Так напутствовал почтенный Хенум Лота, зашедшего в лавку гончара ранним утром, прежде чем идти в Иттауи.
– Я вот ни разу в городе не был, – сказал старик. – Да и что мне делать там, простому горшечнику? А если бы и случилась необходимость, и тогда бы не рискнул идти без печати. И даже с печатью идти боязно.
– Что ж мне теперь – не идти? – спросил озадаченный Лот.
– Нельзя не идти, – ответил Хенум, чуть призадумавшись. – Как же не идти, если сам Аменанх могущественный приказал с товаром явиться? Только вот что я тебе скажу.
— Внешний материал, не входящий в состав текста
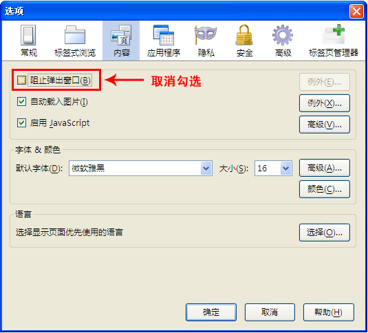 3.在[内容]选项中,将[阻止弹出窗口]前的勾去掉
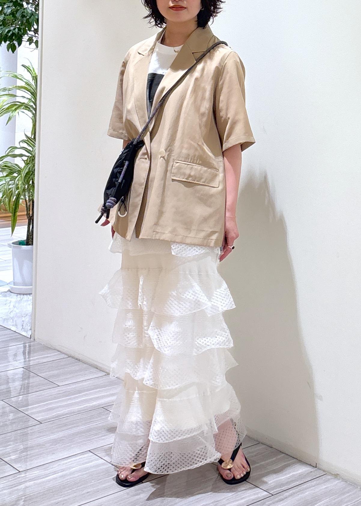 Tシャツやジャケットで合わせると甘くなりすぎずに着られます☺︎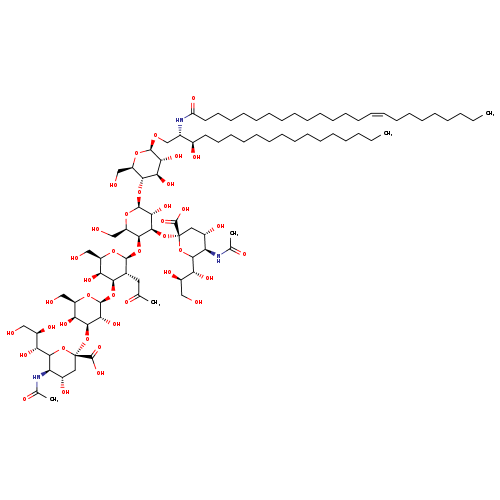 | SMILES | CCCCCCCCCCCCCCC[C@@H](O)[C@H](CO[C@@H]1O[C@H](CO)[C@@H](O[C@@H]2O[C@H](CO)[C@H](O[C@@H]3O[C@H](CO)[C@H](O)[C@H](O[C@@H]4O[C@H](CO)[C@H](O)[C@H](O[C@@]5(C[C@H](O)[C@@H](NC(C)=O)C(O5)[C@H](O)[C@H](O)CO)C(O)=O)[C@H]4O)[C@H]3CC(C)=O)[C@H](O[C@@]3(C[C@H](O)[C@@H](NC(C)=O)C(O3)[C@H](O)[C@H](O)CO)C(O)=O)[C@H]2O)[C@H](O)[C@H]1O)NC(=O)CCCCCCCCCCCCC\C=C/CCCCCCCC |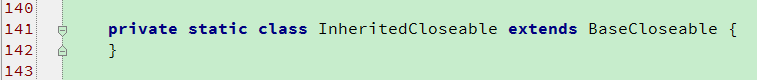 于是,立即增加测试用例,将close()从父类继承的场景模拟出来:
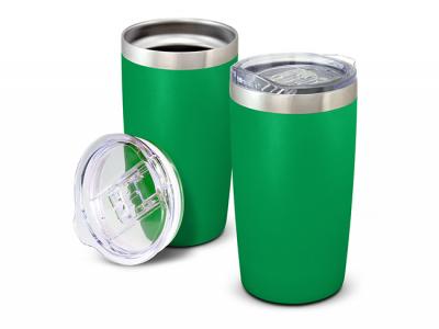 These custom branded 600ml double wall, vacuum insulated stainless steel cups come with a tough powder coating. These promotional BPA-free cups have a secure push on transparent lid with a sliding closure.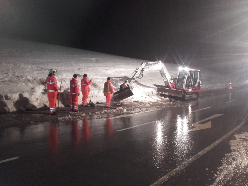 Ein Schneerutsch verlegte die L2 und drückte ein Microcar gegen die gegenüberliegende Schneewand. Sperren der L2 und Räumen der Straße. Umleiten eines Baches der ebenfalls auf die Straße lief.
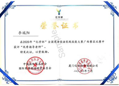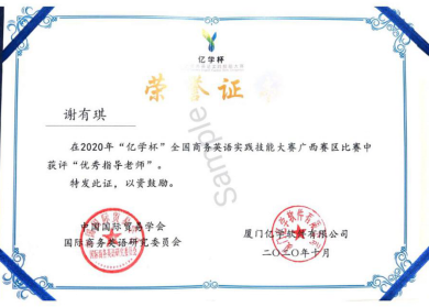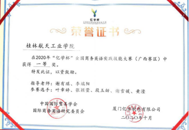 永利集团304am官方入口商务英语专业五名学子谢雪媛、叶章婷、黄滢、段玉甜、张颖萱在2020年“亿学杯”全国商务英语实践技能大赛中荣获区赛一等奖。

Чтобы избежать неприятностей, держись почтительно со всяким, с кем придется дело иметь: и со стражниками, и с писцом, если дело до писца дойдет, и даже с рабом, исполняющим волю господскую. Ибо идешь ты в город без печати, которая могла бы тебя охранить, и несешь не простой товар, а стрелы убийственные. Уж и не знаю, как тебя со стрелами пропустят – не пускают никого в город даже с ножом деревянным. Если только ты не семер высокородный, удостоенный чести жить в тени фараона, или не из числа охранников при высоком господине. И потому отвечай на все вопросы коротко и ясно, сохраняя спокойствие, и выполняй приказы беспрекословно. Думаю я, что охранит тебя от произвола стражников громкое имя хети земли Та-Ше – племянника Владыки Обеих Земель. Не посмеют они прогнать тебя, не послав прежде гонца в его дом.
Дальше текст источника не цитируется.